Following a rigorous review by the APGA, Montgomery Botanical Center holds the National Palm Collection.

With nearly 3,000 species of palms in the world, the number of researchers studying this plant group is greater than those studying cycads. A primary Montgomery Botanical Center (MBC) goal is to support the international palm community – from the scientists and students conducting palm research to other experts, industries, and societies participating in the larger “world of palms.”

As early as 1932, Robert Montgomery was committed to developing an international palm collection on the property. Today, MBC staff continue to undertake scientifically-based international expeditions to collect population-based seed samples of palms throughout the world to plant at Montgomery Botanical. As in the past, palms continue to be the major collection at MBC. Vistas, paths, roads, lakes, and landscape beds are all designed using palms obtained from MBC’s international expeditions.

In 1992, the multidisciplinary design firm of Sasaki Associates, Inc. created a long-term Master Site Plan for MBC. The Plan defined long-term land use, access and circulation, and landscape structure. A major landscape project within the Plan was the creation, development, and planting of the Palm Walk, a 13-acre area containing a quarter-mile primary path, numerous secondary walking and golf-cart paths, and major and minor vistas. Ultimately, the Palm Walk will contain well over 7,000 palms when fully planted.

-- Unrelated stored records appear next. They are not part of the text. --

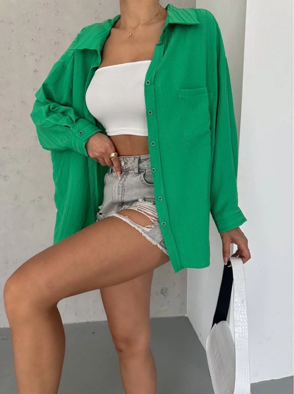 ÇOK SATAN marka ağaç kabuğu desenli oversize gömlek, şıklık ve rahatlığı bir arada sunuyor.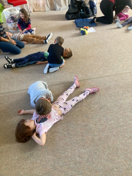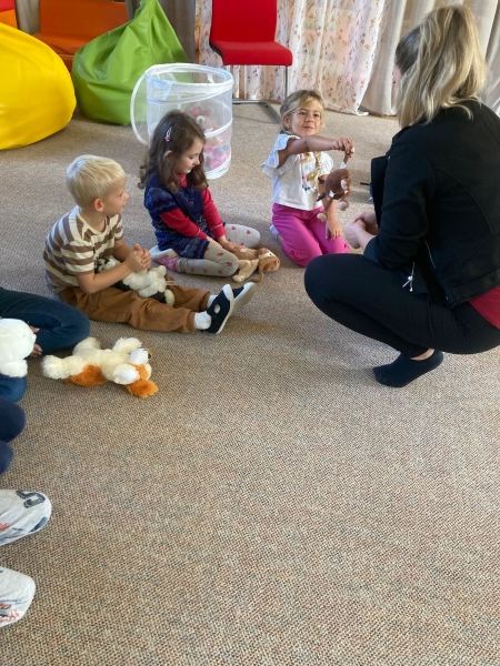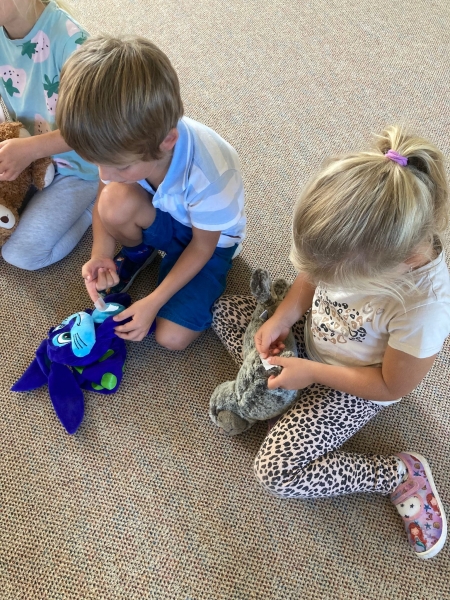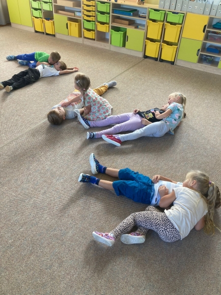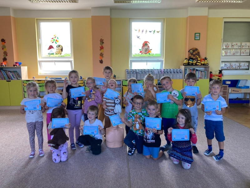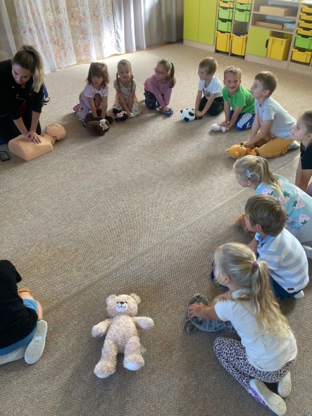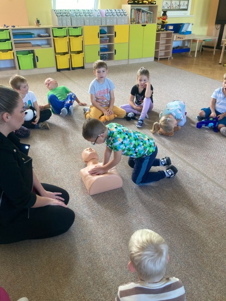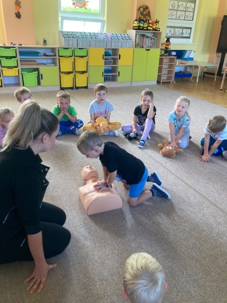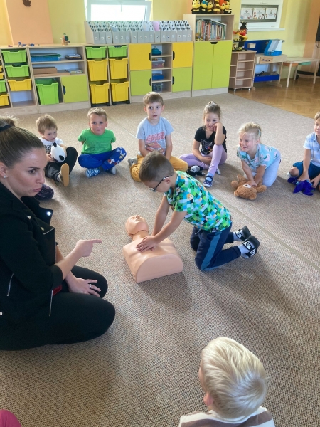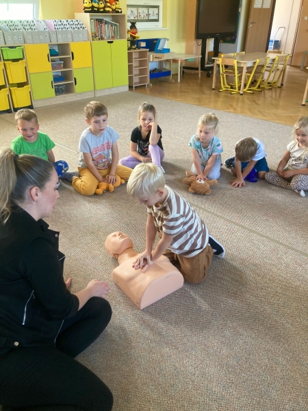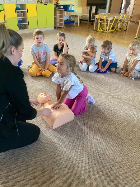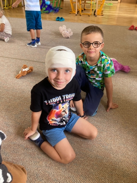 Děti si vyzkoušely jak se poslouchá srdíčko, obvázat kamarádovi zranění, masáž srdce na figuríně.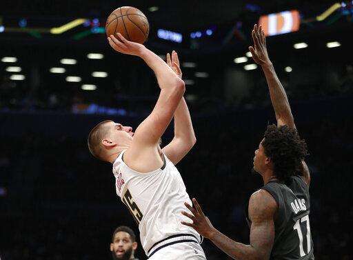 Denver Nuggets center Nikola Jokic (15) shoots as Brooklyn Nets forward Ed Davis (17) defends during the first half of an NBA basketball game Wednesday, Feb. 6, 2019, in New York. (AP Photo/Kathy Willens) The Associated Press

In 1996, the first planting of the Palm Walk went into the ground at the Walk’s entrance near Nell’s House. Annually, approximately 500 palms are planted within the boundaries of the Walk.

Zombia antillarum with fruit growing at the entrance to Nell’s House was planted in the 1930s. MBC has some of the largest known plants of this species under cultivation.

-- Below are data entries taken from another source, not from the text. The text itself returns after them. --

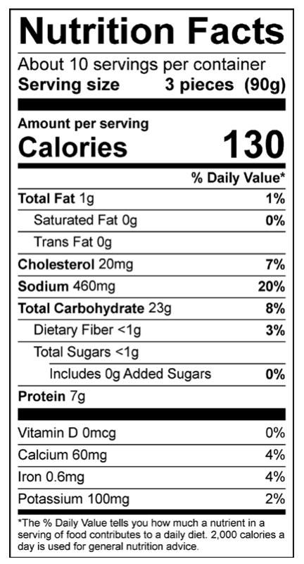 SOFT SHELL CRABS, BATTER (WATER, UNBLEACHED WHEAT FLOUR, CORN STARCH, RICE FLOUR, SEASONING [CELERY SALT {SALT, CELERY SEED}, SPICES {INCLUDING RED PEPPER AND BLACK PEPPER}, PAPRIKA], RAISING AGENTS [SODIUM ACID PYROPHOSPHATE, SODIUM BICARBONATE], GUAR GUM, XANTHAN GUM), BREAD CRUMBS (UNBLEACHED WHEAT FLOUR, PALM OIL SHORTENING, SUGAR, SALT, YEAST, DEXTROSE, ANNATTO EXTRACT), PRE-DUST (MODIFIED TAPIOCA STARCH [CONTAINS PERILLA OIL], RICE FLOUR,POTATO STARCH, SALT). CONTAINS: CRUSTACEAN SHELLFISH (CRAB) AND WHEAT.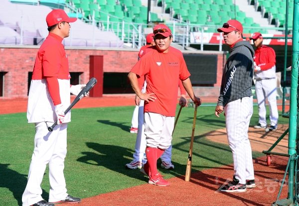 13일 인천 SK행복드림구장에서 ‘2019 신한은행 MY CAR KBO리그’ SK 와이번스와 키움 히어로즈의 플레이오프 1차전을 앞두고 SK가 훈련을 가졌다. SK 최정이 훈련을 마치고 코치들과 이야기를 나누고 있다.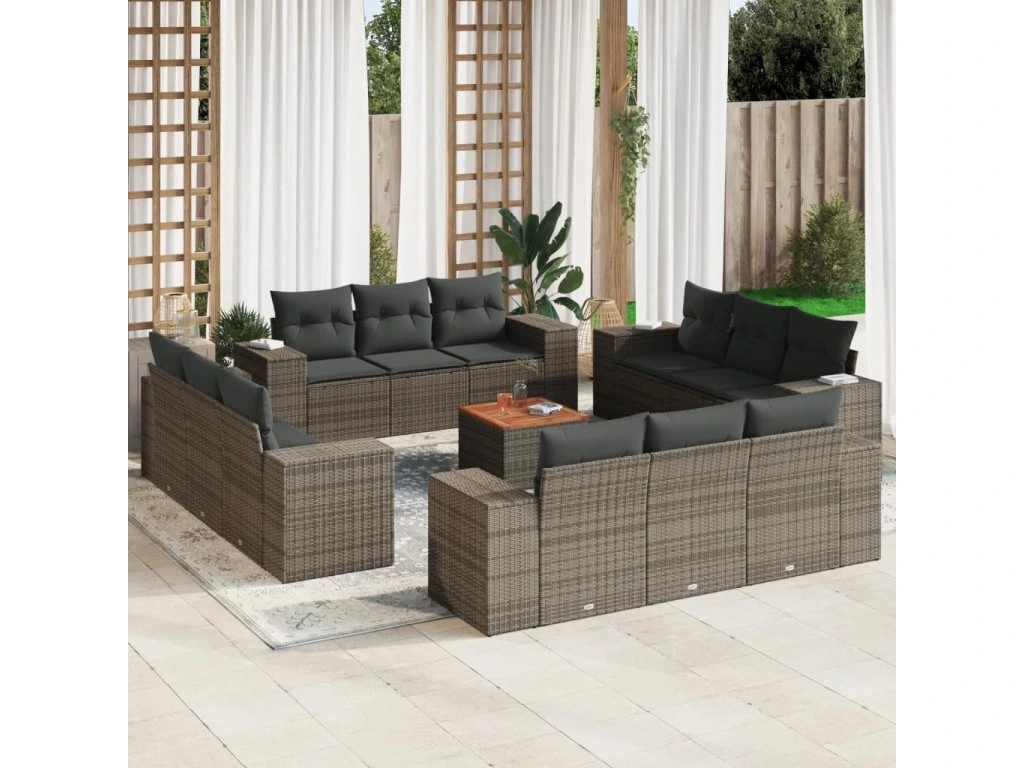 13dílná zahradní sedací souprava s poduškami šedá polyratan 3225381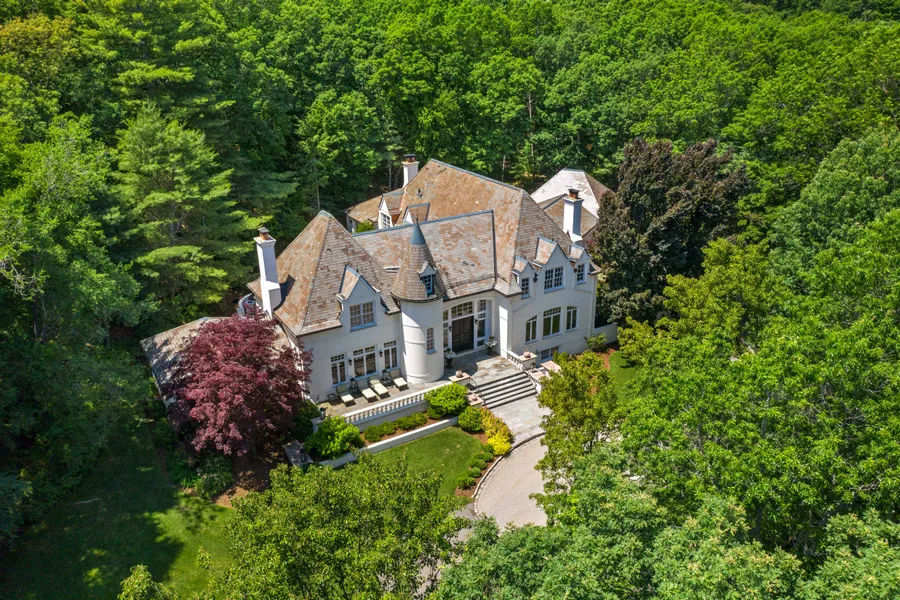 Exquisite estate offering sophisticated grandeur in an idyllic setting is a modern retreat with plentiful space inside and out. The stunning double height foyer leads to the beautiful front to back living room featuring a double sided fireplace. The sunroom with soaring ceilings offers fantastic bonus gathering space and views of the impeccable grounds. The striking library with built-ins and beautiful pocket doors is excellent work from home space. The elegant dining room leads to the gleaming kitchen featuring top of the line appliances, marble countertops, a window seat and a generous eat-in area. Spectacular views in the expansive family room and an exquisite guest suite with a terrace complete the first floor. The luxurious primary suite features a fireplace, dressing area and a sprawling marble bath with a steam shower. Three sizable en suite bedrooms complete the second floor. The lower level features bonus space and an additional bedroom/bath. The sweeping patios offer magnificent entertaining opportunities. Chic, refined style at its very best!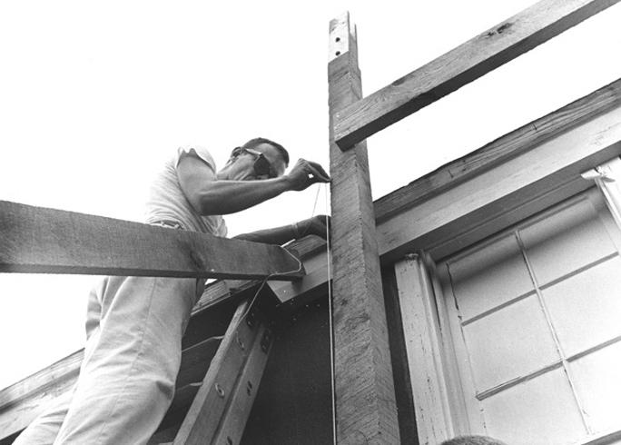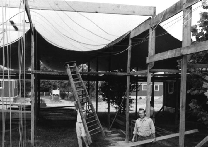 Photo by Dale Carlson - abt 1965 MEMO Why Homasote?   Because: 	1.	it was available in a HUGE sheet size (8 by 14 feet),  	2.	it was flexible,  	3.	it was reasonably water resistant and durable,  	4.	it was inexpensive,  	5.	shipping point was proximate, and  	6.	my budget was stringent --- one dollar per square foot for the entire enclosure to include pavement and heating.  One dollar/sq. ft. was accomplished, by the way.   The space between wasn't supposed to be in place for more than one or two years. It’s going to be an "experimental structure" is how Harold maneuvered it past the university budget and architects' offices.    In fact, the space between lasted, serving very nicely, with occasional improvements, for more like 7 or 8 years.”  Herb Meyer photo by Dale Carlson Herb Meyer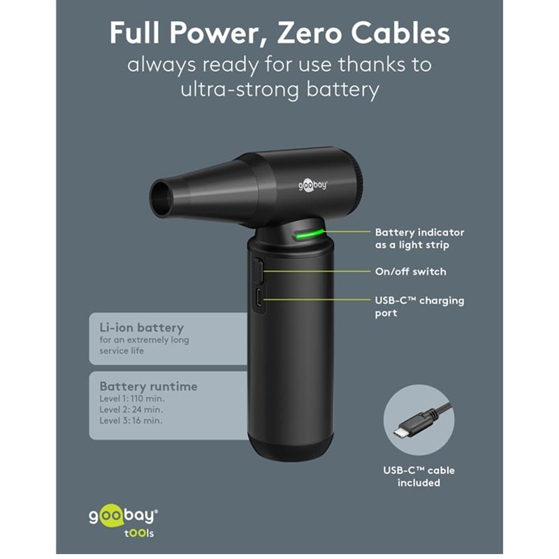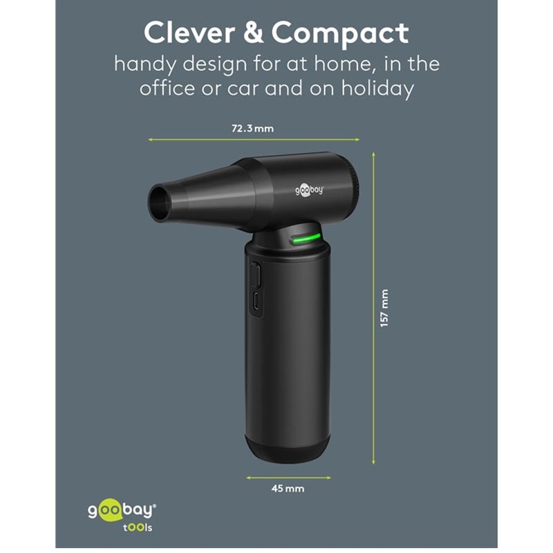 Goobay Air Duster Superior - 130000rpm Cordless Electric Air Blower with 8 Nozzles & 3 Brushes (180 W, Aluminium Design)

During the first few planting years at MBC, an average of 750 palms were planted annually throughout the property. Each of those plants were grown from seeds that were wild-collected, fully-documented, and of scientific and educational value. By December 31, 1999, MBC had over 7,000 seeds and plants in our palm nursery and grounds collections. Within the palm grounds collection, during that same time, MBC had over 4,000 plants, representing 1,596 accessions and over 300 species. The major framework of palms for the Palm Walk was completed in 2002.

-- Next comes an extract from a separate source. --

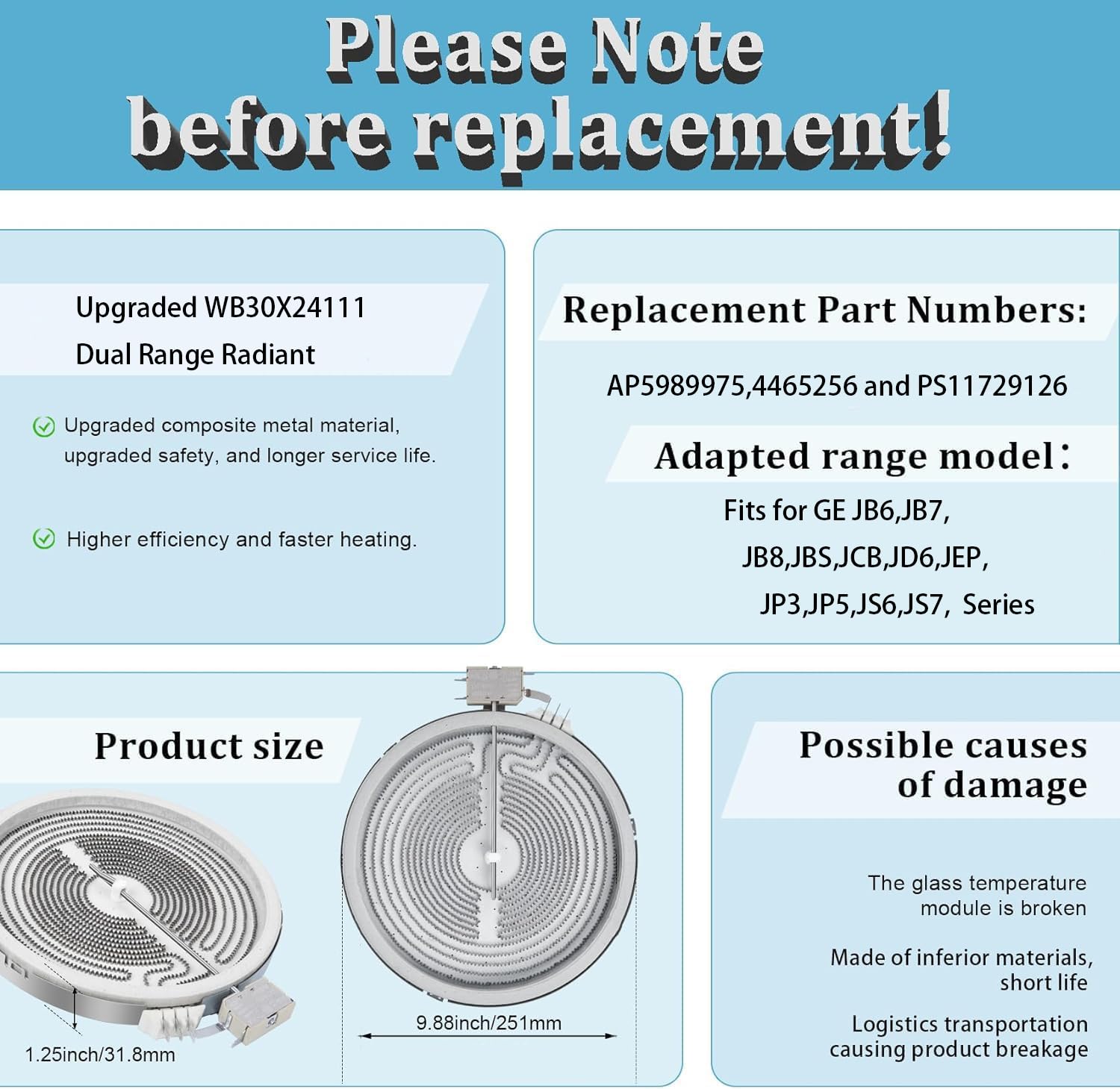 【 Stronger heating 】Upgrade WB30X24111 Replace for GE glass cooktop replacement : WB30X24111 haliant surface element dual radiation range, and the heating increased, resulting in higher efficiency and faster heating.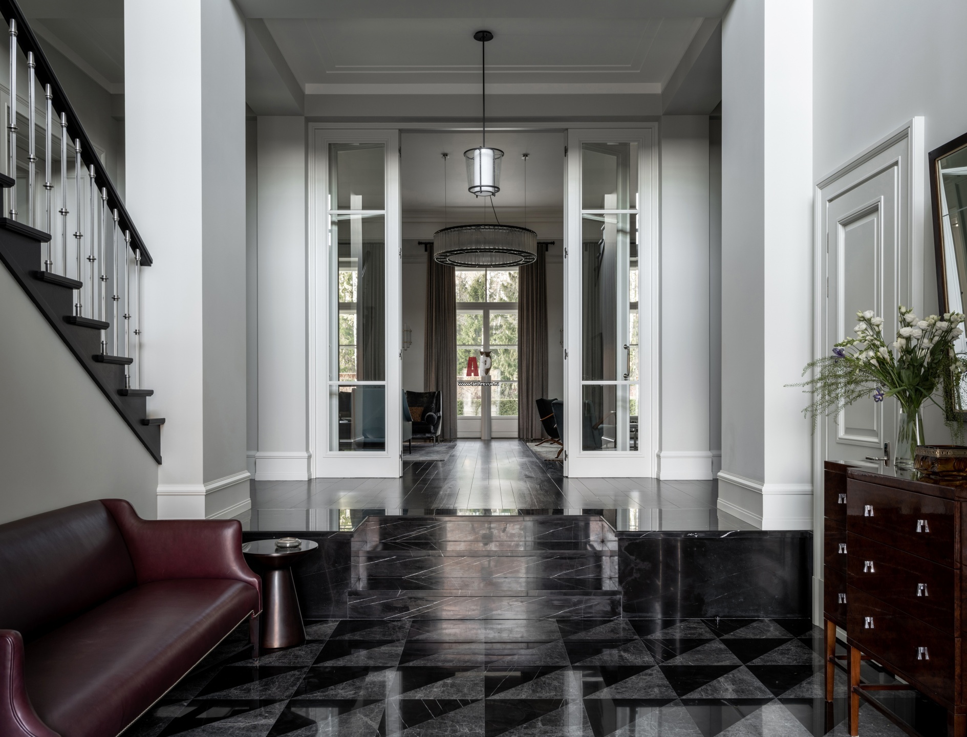 Парадная входная группа с лестничным холлом. Лестница – тонированный дуб, балясины – полнотелые трубки из акрила с декоративными элементами из стали.

Palm curator, Laurie Danielson (left), and nursery curator, Vickie Murphy, planting a vining rattan palm at the base of an oak tree.

Rattan palms are environmentally threatened, unloved, spiny, climbing palms that are horticultural nightmares to manage in a garden. Everyone loves the beautiful rattan furniture made from its canes, but no one cares to grow these vines. Although this group of palms contains over 500 species, rattan collections at botanical gardens throughout the world are almost nonexistent. MBC, with the help of a generous contribution from the South Florida Chapter of the International Palm Society, will plant 70 specimens of rattan palms.

Scientists from throughout the world are encouraging the development of Montgomery Botanical Center’s rattan collection. They are eagerly waiting to undertake studies on the collection once it is developed. Many questions still remain about a rattan’s life history, regenerative abilities, and morphology. Answers to those questions will ultimately help in developing sustainable management guidelines for this important group of plants.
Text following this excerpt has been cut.